Blood Clotting During Pregnancy

Blood Clotting During Pregnancy


Blood Clotting in Pregnancy: Norm and Deviation

The expectant mother has to pass many tests. These tests include the blood coagulation assessment in pregnancy. It is an important factor influencing the healthy pregnancy and the safe labor. Let’s see what is blood clotting and why pregnant women need to pass coagulation tests.

Blood Coagulation and Normal Values in Pregnancy

The blood performs many functions in the human body including transportation, protection, thermoregulation. It circulates in vessels. If the integrity of their walls is damaged, the blood forms a clot (thrombus) that closes the damaged area and thus stops bleeding. This property of blood is called coagulation.

Blood coagulation in the body is regulated by both the hemostasis (blood clotting system) and the anticoagulation system. Violation of any of these systems leads to pathological conditions such as blood clots (increased blood coagulation) or inversely increased bleeding (decreased blood coagulation).

Normally, blood clotting in pregnancy tend to increase. Starting from the second trimester of pregnancy the activity of coagulation factors increase, while anti-coagulation factors become less active. This is provided by the nature to stop the bleeding in the area of placental separation after the labor, as this zone features an intensive blood supply. Otherwise, the mother may die within few minutes from a large blood loss.
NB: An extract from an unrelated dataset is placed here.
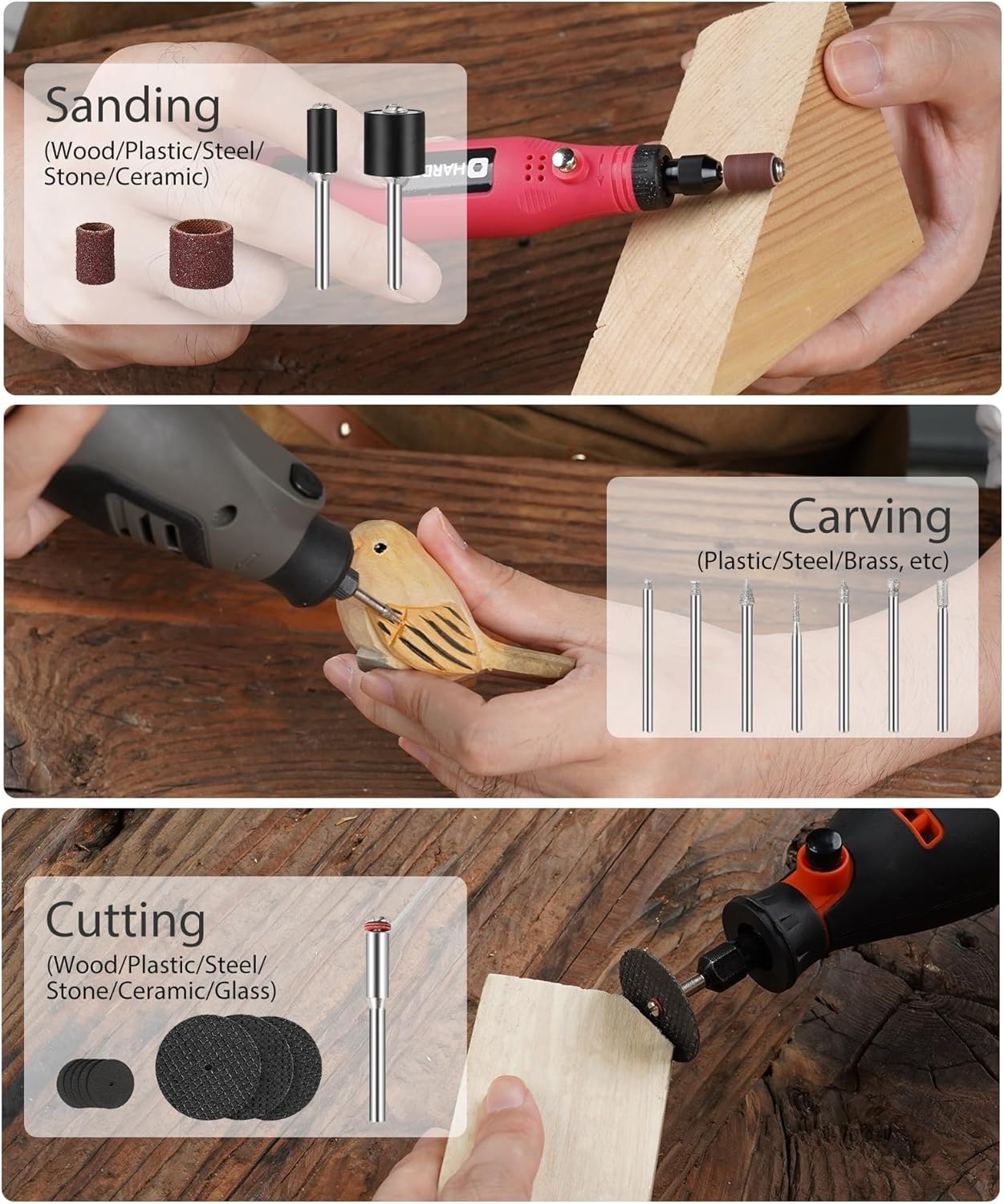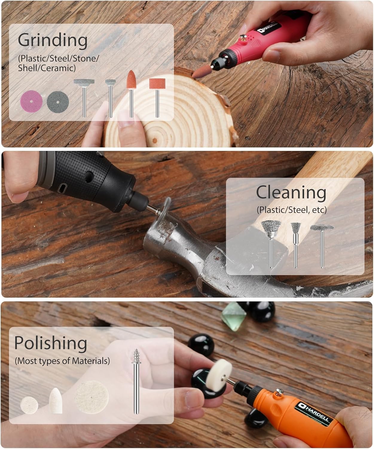 - 【227pcs Complete Rotary Tool Accessories】The wealth accessories include sanding bits, diamond grinding drills, cut-off wheels, steel brushes, felt wheels, grinding wheels, mandrel, and 3 collets (1/8), perfect for sanding, engraving, polishing, cutting, grinding, and cleaning. Unleash your creativity and take your DIY projects to the next level with the HARDELL Complete Rotary Tool Accessories Kit.

Several factors influence the normal coagulation in pregnancy:

  • PTT or partial thromboplastin time-the time required for blood clotting, norm is 17-20 seconds.
  • Fibrinogen-a special protein that is necessary for the formation of a blood clot, the norm is up to 6.5 g/l.
  • Lupus anticoagulant-specific antibodies that normally should not be present in the blood.
  • Platelets are blood cells that are produced in the bone marrow, norm is 131-402 thousands/mcl.
  • Prothrombin- the blood plasma protein involved in the formation of a clot, its norm – 78-142%.
  • TT or Thrombin time-the time that takes thrombin to converse fibrinogen to fibrin, the norm is 18-25 seconds.
  • D-Dimer is responsible for the process of thrombosis, the norm is 33-726 ng/ml.
  • Antithrombin III- is a protein, retarding blood clotting, its norm – 70-115%.

Only a doctor can explain the results of the coagulation tests. Many of the factors change throughout the nine months of gestation, that’s why only a specialist can assess them in the right way. Both reduced and increased coagulation in pregnancy is fraught with many dangerous consequences. Therefore, women should pass coagulation tests several times during the pregnancy.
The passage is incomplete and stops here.